Consider that, at the first block of code, that queen-cols should only be called once, as a parameter of flatmap. However, at the second block of code, queen-cols is called board-size number of times since, for every value of (enumerate-interval 1 board-size), the value is passed onto the lambda which calls queen-cols every time that happpens.
It took around 91 milliseconds to run the Eight Queens problem but it took 70434 milliseconds to run Louis's version. I can't explain the discrepancy well but this blogpost by Werner de Groot can.
Exercise 2.44¶
(define (up-split painter n)
(if (= n 0)
painter
(let ((smaller (up-split painter (- n 1))))
(below painter (beside smaller smaller)))))
Exercise 2.45¶
; split returns a "splitter" like right-split and up-split
; with a primary direction d1 and secondary direction d2
(define (split d1 d2)
(define (splitter painter n)
(if (= n 0)
painter
(let ((smaller (splitter painter (- n 1))))
(d1 painter (d2 smaller smaller)))))
splitter)
(define right-split (split beside below))
(define up-split (split below beside))
Exercise 2.46¶
; make-vect, xcor-vect, and ycor-vect implement a vector object.
(define (make-vect x y) (cons x y))
(define (xcor-vect v) (car v))
(define (ycor-vect v) (cdr v))
; add-vect, sub-vect, and scale-vect implement vector addition and scaling
(define (add-vect v1 v2)
(make-vect (+ (xcor-vect v1) (xcor-vect v2))

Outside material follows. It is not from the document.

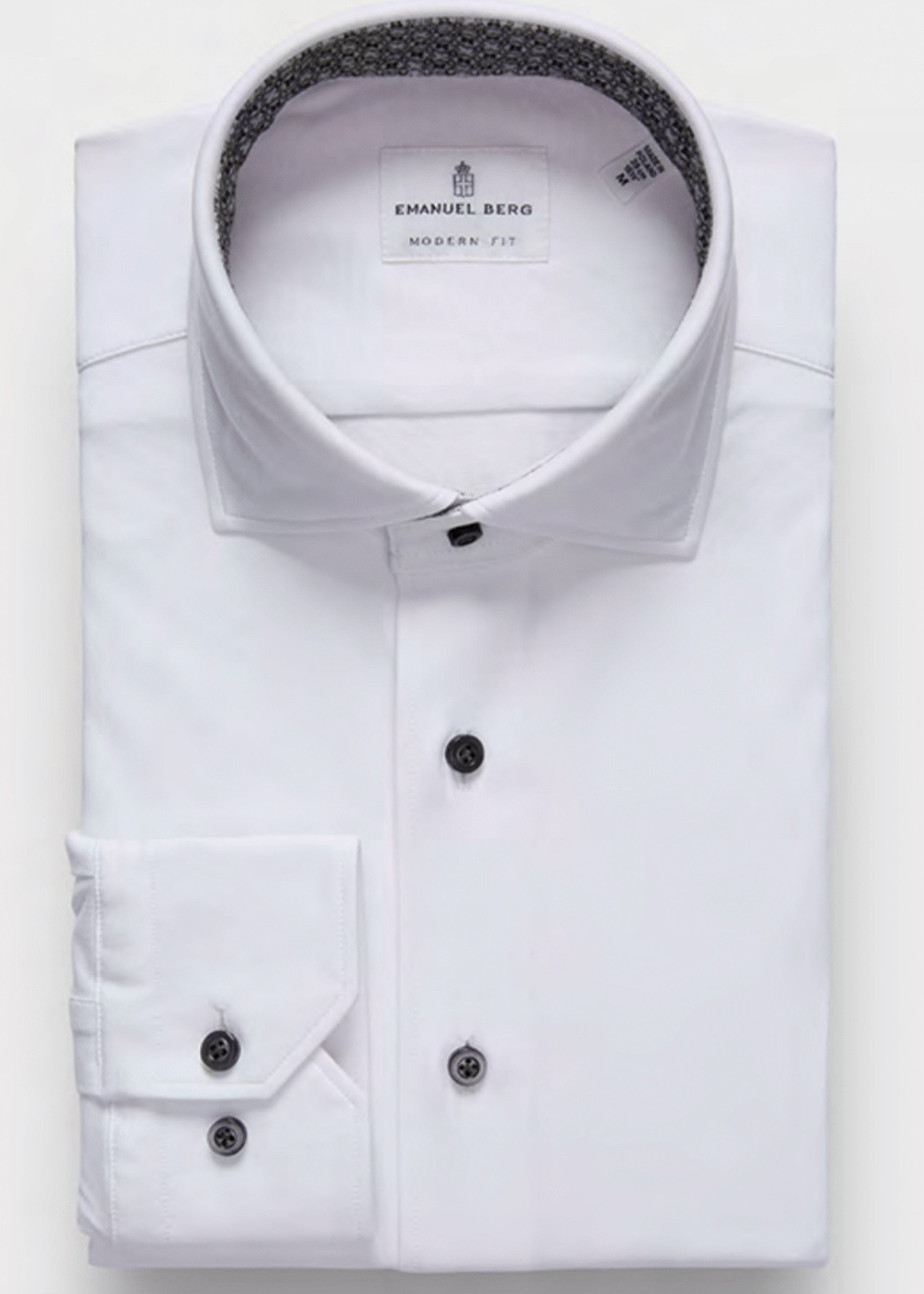 Emanuel Berg Modern 4 Flex Stretch Knit Shirt w/ Contrast | White - M is backordered and will ship as soon as it is back in stock.

(+ (ycor-vect v1) (ycor-vect v2))))
(define (sub-vect v1 v2)
(make-vect (- (xcor-vect v1) (xcor-vect v2))
(- (ycor-vect v1) (ycor-vect v2))))
(define (scale-vect s v)
(make-vect (* s (xcor-vect v))
(* s (ycor-vect v))))
Exercise 2.47¶
(define (make-frame origin edge1 edge2)
(list origin edge1 edge2))
(define (origin-frame f) (car f))
(define (edge1-frame f) (cadr f))
(define (edge2-frame f) (caddr f))
(define (make-frame origin edge1 edge2)
(cons origin (cons edge1 edge2)))
(define (origin-frame f) (car f))
(define (edge1-frame f) (cadr f))
(define (edge2-frame f) (cddr f))
Exercise 2.48¶
; make-segment, start-segment, and end-segment are getters and setters
; for segments represented by two vectors.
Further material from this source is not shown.